EXERCISE — Give again, word for word, each line below starting at the one that contains "и уплотнительной прокладкой." and ending at the one that contains "Цифровой манометр RGK".
:: AVAILABLE DATA ::
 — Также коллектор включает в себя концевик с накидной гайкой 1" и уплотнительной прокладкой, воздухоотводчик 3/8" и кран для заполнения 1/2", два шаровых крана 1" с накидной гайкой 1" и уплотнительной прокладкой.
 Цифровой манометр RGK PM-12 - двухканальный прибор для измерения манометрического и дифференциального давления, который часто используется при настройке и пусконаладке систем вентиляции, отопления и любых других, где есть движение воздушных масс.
:::
:: AVAILABLE DATA ::
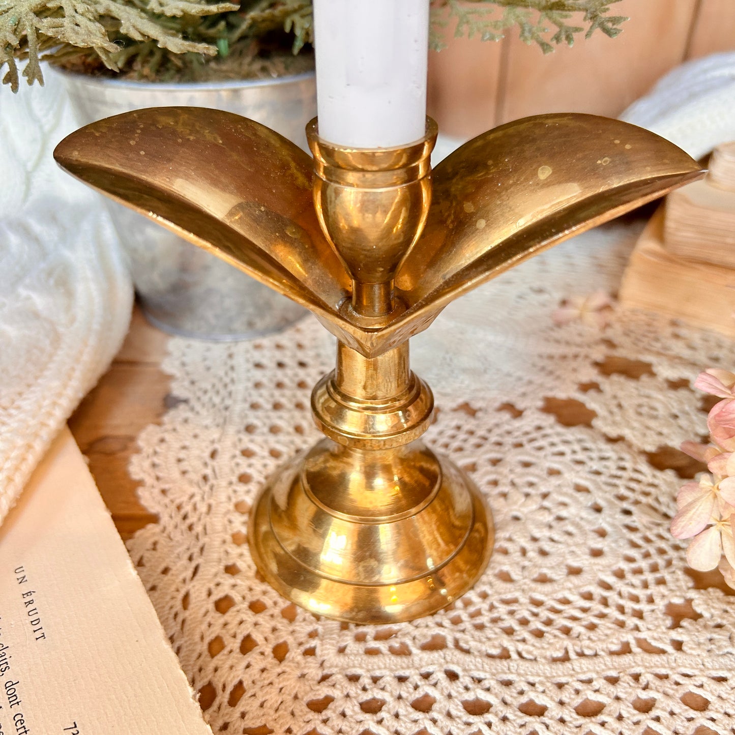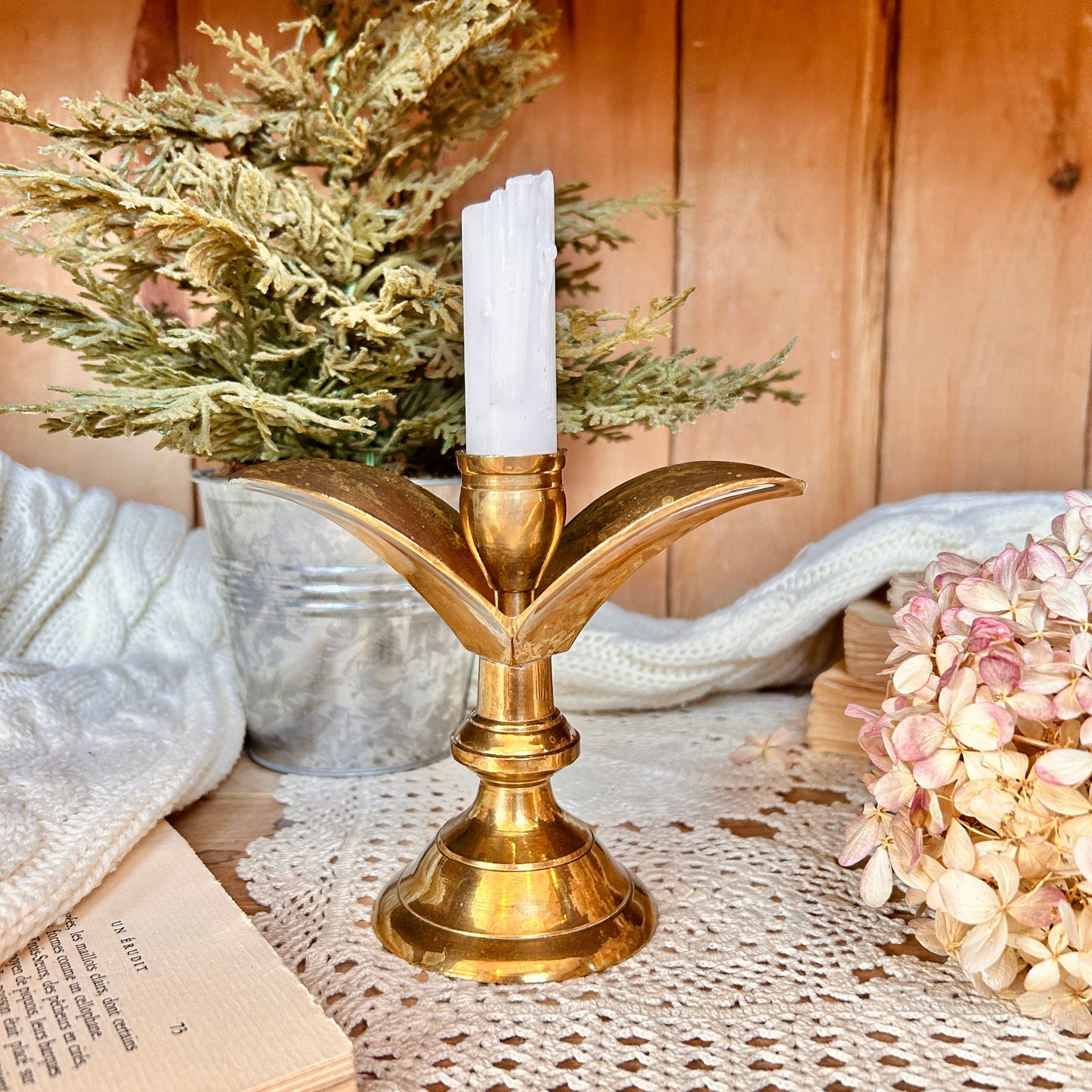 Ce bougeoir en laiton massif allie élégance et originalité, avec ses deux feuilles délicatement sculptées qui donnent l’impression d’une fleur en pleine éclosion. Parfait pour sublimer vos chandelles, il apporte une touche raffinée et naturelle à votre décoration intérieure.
:::
OUTPUT FOR THIS EXERCISE —
 — Также коллектор включает в себя концевик с накидной гайкой 1" и уплотнительной прокладкой, воздухоотводчик 3/8" и кран для заполнения 1/2", два шаровых крана 1" с накидной гайкой 1" и уплотнительной прокладкой.
 Цифровой манометр RGK PM-12 - двухканальный прибор для измерения манометрического и дифференциального давления, который часто используется при настройке и пусконаладке систем вентиляции, отопления и любых других, где есть движение воздушных масс.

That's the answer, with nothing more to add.